Item
1.01
|
Entry
into a Material Definitive Agreement
|
On
May 13, 2019, BTCS Inc. (the “Company”) entered into an equity line purchase agreement with Cavalry Fund I LP (“Cavalry”)
(the “Purchase Agreement”) pursuant to which Cavalry has agreed to purchase from the Company, at the direction
of the Company and in its sole discretion, up to $10,000,000 of common stock (subject to certain limitations)
from time to time over a 36-month period. In consideration for entering into the $10 million Purchase Agreement, the Company
issued to Cavalry 333,334 shares of common stock as a commitment fee and will issue up to 583,334 shares of common stock pro rata
as Cavalry purchases additional shares.
Concurrently
with the execution of the Purchase Agreement on May 13, 2019, the Company and Cavalry also entered into a registration rights
agreement (the “Registration Rights Agreement”), pursuant to which the Company agreed, among other things, to file
a registration statement (the “Registration Statement”) with the Securities and Exchange Commission (the “SEC”),
no later than May 23, 2019 to register for resale by Cavalry under the Securities Act of 1933 (the “Act”), the shares
of common stock that the Company may elect to issue and sell to Cavalry from time to time under the Purchase Agreement. Registration
Rights Agreement provides that in the event the Company is unable to register sufficient shares under the Registration Statement,
the Company will be required to file additional registration statements such that sufficient registered shares are available for
issuance and sale to Cavalry under the Purchase Agreement.
The
Company does not have the right to commence any sales to Cavalry under the Purchase Agreement until each of the conditions set
forth in the Purchase Agreement are satisfied, including the Registration Statement being declared effective by the SEC. Thereafter,
the Company may, from time to time and at its sole discretion, direct Cavalry to purchase shares of the Company’s common
stock during trading hours (“Intraday Puts”) and after trading hours until 7 p.m.
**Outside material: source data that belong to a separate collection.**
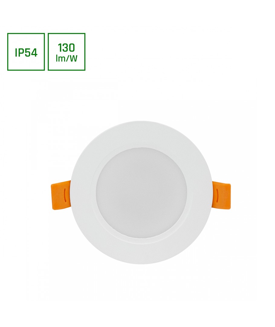 Med sin sprutsikre IP54-rating er denne spotten designet for å tåle både fukt og vannsprut, noe som gjør den ideell for bruk i både bad og andre områder med høy luftfuktighet. Den integrerte lyskilden og det stilrene utformingen med den runde, hvite kanten gir en moderne touch til enhver innredning.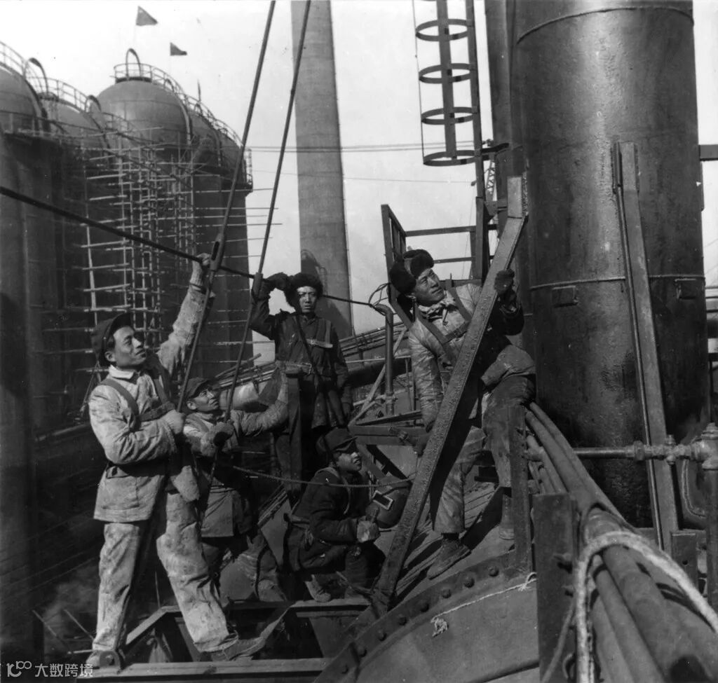1953年,架工正在安装鞍钢八号炉的瓦斯遮断阀。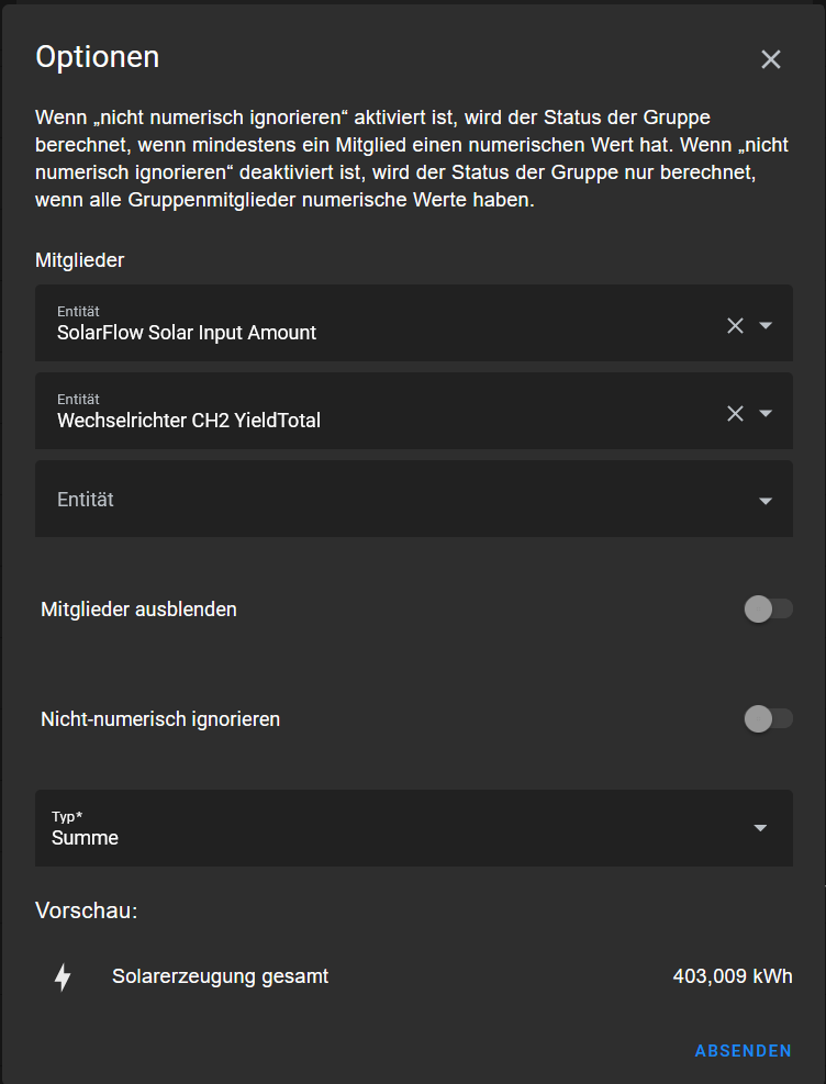Da ich mein Balkonkraftwerk etwas umgebaut habe, habe ich mir für meinen Solarertrag einen Helfer-Sensor erstellt.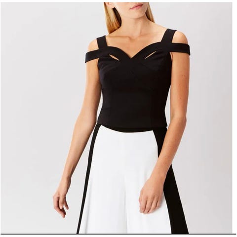 This is a beautiful peplum top with crystal embellishments on the straps and tulle detail.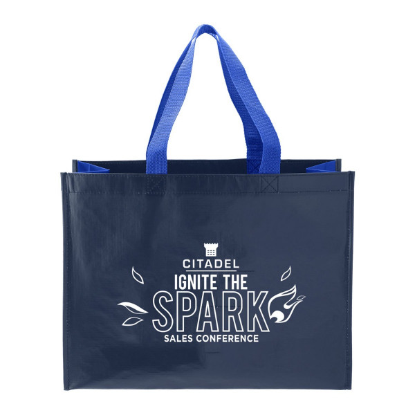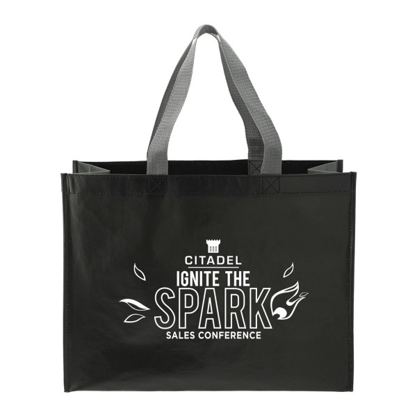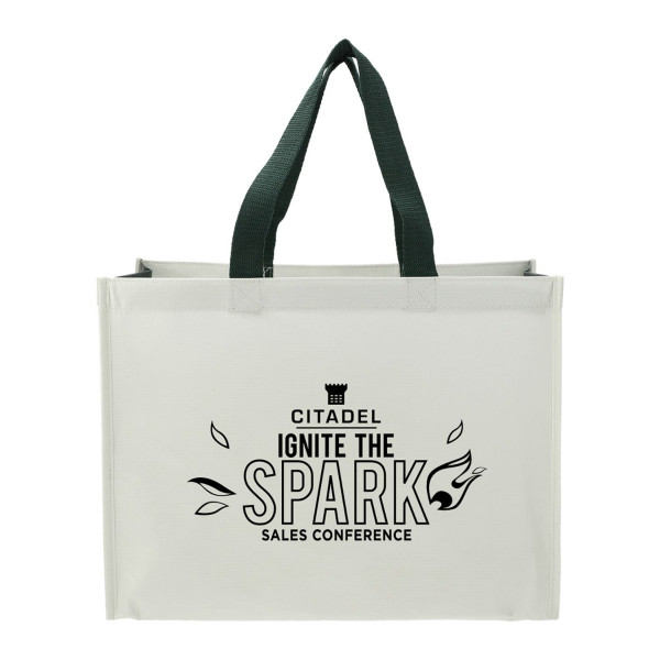 The RPET Laminated Matte Non-Woven Shopper Tote features a retail-inspired design with a soft RPET spun bond non-woven main material.

New York time (“Aftermarket
Puts”) (either an Intraday Put or an Aftermarket Put may be referred to as a “Put”). The Company may make
multiple Puts each day subject to delivery of the shares associated with prior Puts.
The
number of shares that may be sold under an Intraday Put shall be equal to the total daily trading dollar volume (“Daily
Trading Dollar Volume”) for the trading day prior to the applicable Put date, divided by the Intraday Purchase Price (such
shares being the “Intraday Put Share Limit”). The “Intraday Purchase Price” means the lower of: (i) 94%
of the lowest sale price on the trading day prior to the applicable Put date, and (ii) 94% of the arithmetic average of the three
lowest closing prices for the Company’s common stock during the 12 consecutive trading days ending on the Trading Day immediately
preceding such Put date.
The
number of shares that may be sold under an Aftermarket Put shall be equal to the Daily Trading Dollar Volume, divided by the Aftermarket
Put Price (such shares being the “Aftermarket Put Share Limit”). The “Aftermarket Put Price” means: the
lower of: (i) the lowest Sale Price on the applicable Put date, and (ii) the arithmetic average of the three lowest closing prices
for the Company’s common stock during the 12 consecutive trading days ending on the trading day immediately preceding such
Put date.
Upon mutual agreement
of Cavalry and the Company and subject to written confirmation by Cavalry that such agreement will not result in violation of
the 4.99% beneficial ownership limitation, the Company may increase the Intraday Put Share Limit or the Aftermarket Put Share
Limit, as applicable, for any Put to include an amount equal to $2,000,000 in Put shares at the applicable Purchase Price, in
each case in addition to the applicable Intraday Put Share Limit or Aftermarket Put Share Limit. In all instances, the Company
may not sell shares of its common stock to Cavalry under the Purchase Agreement if it would result in Cavalry beneficially owning
more than 4.99% of the Company’s common stock or if the closing price the trading day immediately preceding the Put date is
below $0.005.
The
net proceeds under the Purchase Agreement to the Company will depend on the frequency and prices at which the Company sells shares
of its stock to Cavalry. The Company expects that any proceeds received by the Company from such sales to Cavalry under the Purchase
Agreement will be used for but not be limited to general corporate purposes, including compensating the Company’s management.
This
Current Report on Form 8-K shall not constitute an offer to sell or a solicitation of an offer to buy any shares of common stock,
nor shall there be any sale of shares of common stock in any state or jurisdiction in which such an offer, solicitation or sale
would be unlawful prior to registration or qualification under the securities laws of any such state or other jurisdiction.
The
foregoing descriptions of the Purchase Agreement and Registration Rights Agreement are qualified in their entirety by reference
to the full text of the Purchase Agreement and the Registration Rights Agreement, copies of which are attached hereto as
Exhibit
10.1
and
10.2
, respectively, and each of which is incorporated herein in its entirety by reference.